I arrived with high tide, and a group of 4 double-crested cormorants were fishing together. I would assume that working together around a school of small fish would work out in someones favor. They would dive and resurface together. I saw them come up a few times with a prize.
A snowy egret, perhaps thinking about the journey that lies ahead and perhaps considering waiting a few more days as temperatures here are predicted to get up to 80 by mid-week. 
A very urban look for the song sparrow, as it poses so perfectly on a chain-link fence. Someone once mentioned to me how it seems that chain-link was designed with birds in mind, so many of them has no problem navigating through the small space between each link.

Hard at work.
A female downy woodpecker makes the perfect little cavity. There are a few dead trees in the salt marsh, often dead trees are removed by humans- thought to be of little use, or simply an eyesore. But dead limbs and trunks provide great opportunities for cavity nesters, and ones that create those cavities.
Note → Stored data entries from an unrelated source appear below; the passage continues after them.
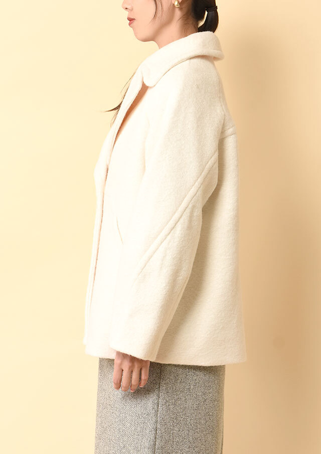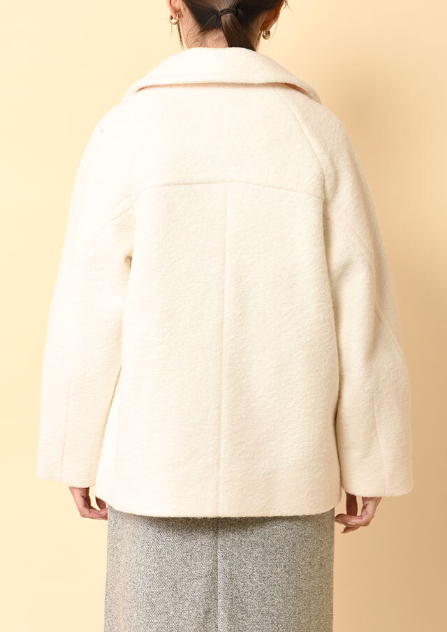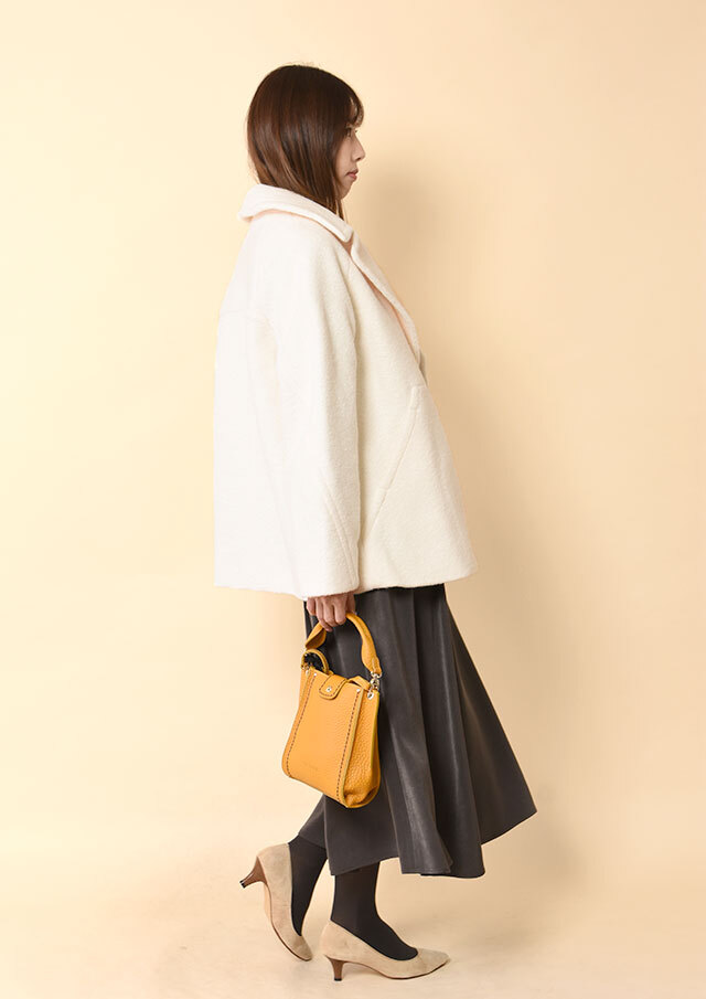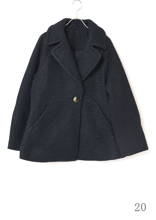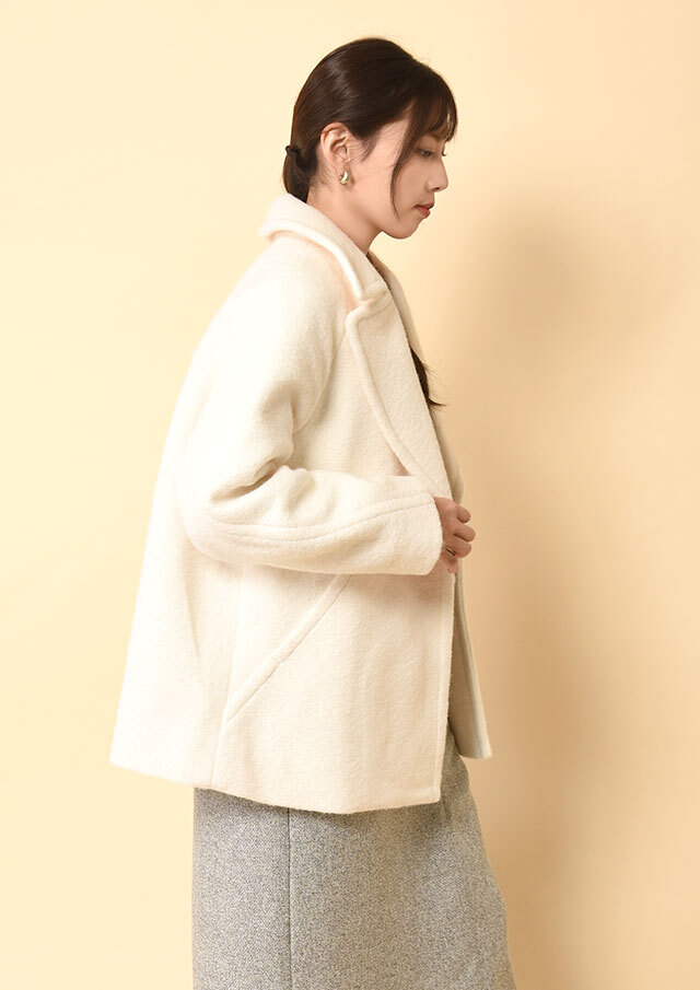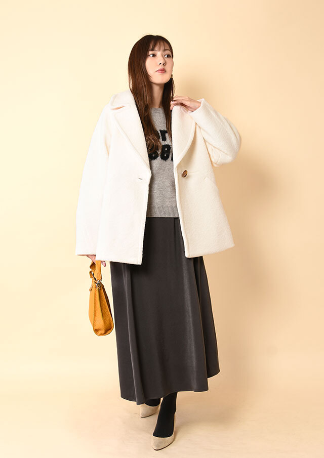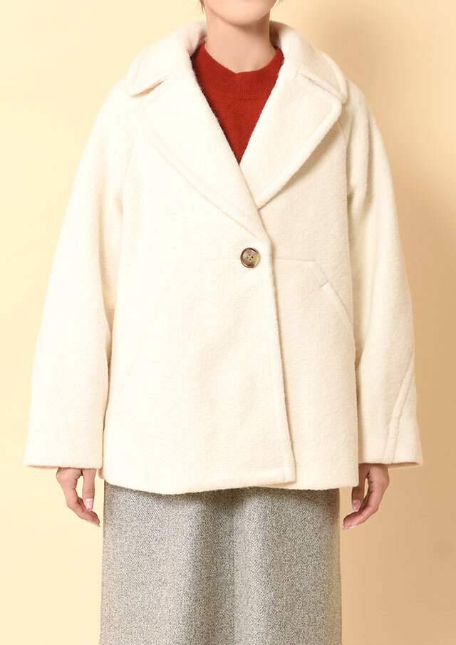 クラシックなPコート風のミドルコートは、裾にダーツを入れることで大人の女性らしいコクーンシルエットを実現。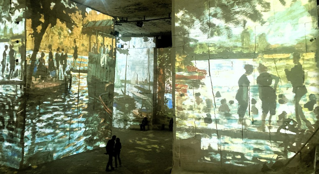 Carrières des Lumières is a former interior quarry, repurposed as a stunning art venue featuring immersive sound and light art-themed spectacles. Each year, the program showcases different artists, but one aspect remains the same—the wow factor, and not just for the stunning visuals but also the dramatic musical accompaniment. I’ve been to nearly every one over the years, and though I’ve loved some more than others—Chagall (2016-17) and Picasso (2018-19) are faves to date—this one starring Claude Monet was impressive. During one segment, for example, you really feel like you’re on a moving train, watching the landscape whiz by.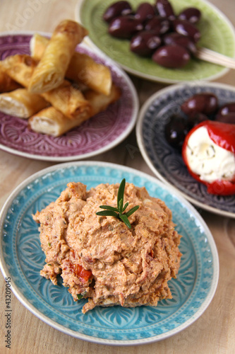 appetiser, appetiser, cream, paste, stuffed peppers, paprika, stuffed, cream cheese, olive, turkish, mediterranean, arabic, piquant, aromatic, sharp, finger food, snack, miscellaneous, distinct, choice, bread, plate, colourful, colourful, merry, turquoise, red, purple, green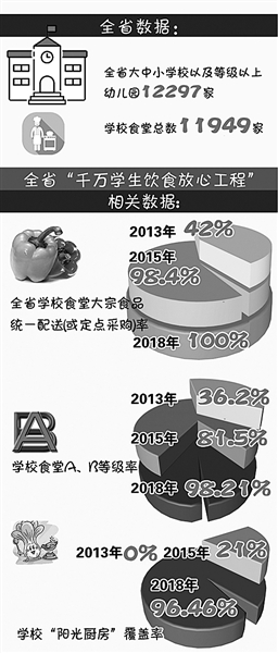 阳光厨房安全放心、大宗食品统一配送、校领导陪餐制……这一切,都源自我省开展的“千万学生饮食放心工程”。截至2018年底,全省学校食堂大宗食品统一配送(或定点采购)率达100%;学校A、B等级食堂比例达98.21%;学校食堂建成阳光厨房比例达96.46%。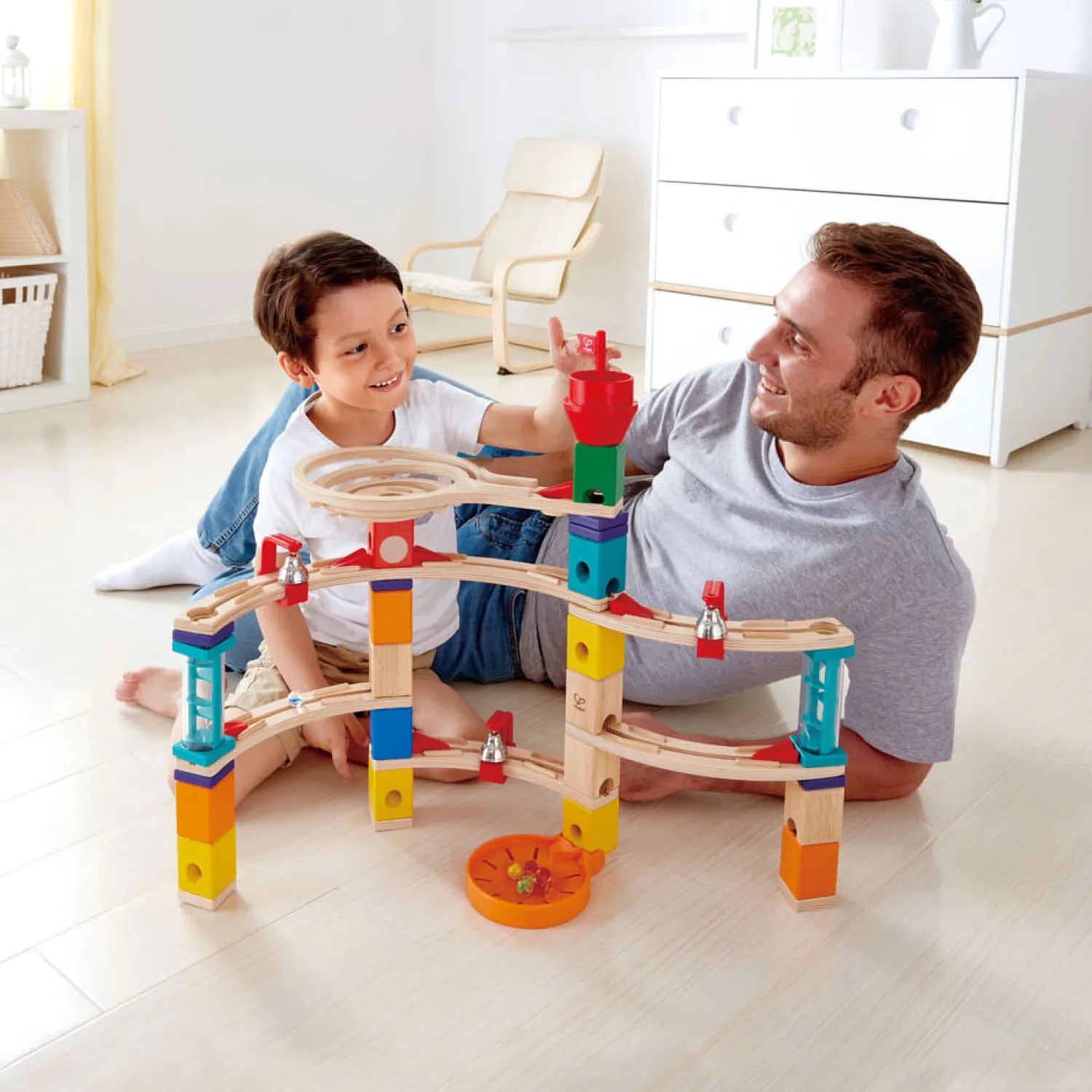 • Knikkerbaan bouwspeelgoed gemaakt van duurzaam hout en niet-giftige verf op waterbasis

I was told by another observer that she has been working at this for the last two days.
A back trail, toward the ball courts are perfect for peeking at sparrows and finches. The tall grasses are full of seed and the seed-eaters are taking advantage. Here a swamp sparrow forages close to the edge.
Many American Goldfinch were bobbing and swaying from the stalks of the tall wildflowers.
I really wanted this to be something else, but who knew- the swamp is full of swamp sparrows!
Lots of bee species taking advantage of the goldenrod. Also taking advantage of these late blooms were monarchs and cabbage whites.
I also heard a call I know well, only to look up and find a pair of kestrels scanning and hovering for prey. Here, is the male.
I saw the pair had settled- I found the female on one tree eating her prize. Being the smallest falcon in N. America, it is not uncommon for these birds to prey not only upon small birds and rodents, but insects too. It almost looks like she has a mantid or katydid.
And then she made for a wonderful subject... note how her belly is streaky, kestrels are easy to tell apart in terms of their sex.
Another indicator of sex- the wings, barred on the female, wings of the male are slate blue.
Both male and female are some of the more beautiful of the birds of prey. I admire them greatly, tiny but tough.
A red bellied woodpecker peers around a dead limb to see if there is anything worthwhile...
He didn't give a single hammer- he just peered around...
Frome all angles, just to make sure he wouldn't miss a morsel.
Lucky for me, the male kestrel was just a few trees over from the female. A handsome guy, he is.

How perfect is this avian-dinosaur?!
Perfect!
Also treated to a coopers hawk who scared the sparrows I was watching. I tend to enjoy the raptors over the little guys... they really draw me in.
By time I left, the tide had gone out and the low-tide crew came in- more egrets and a group of greater yellowlegs, ran around chasing down little things to eat.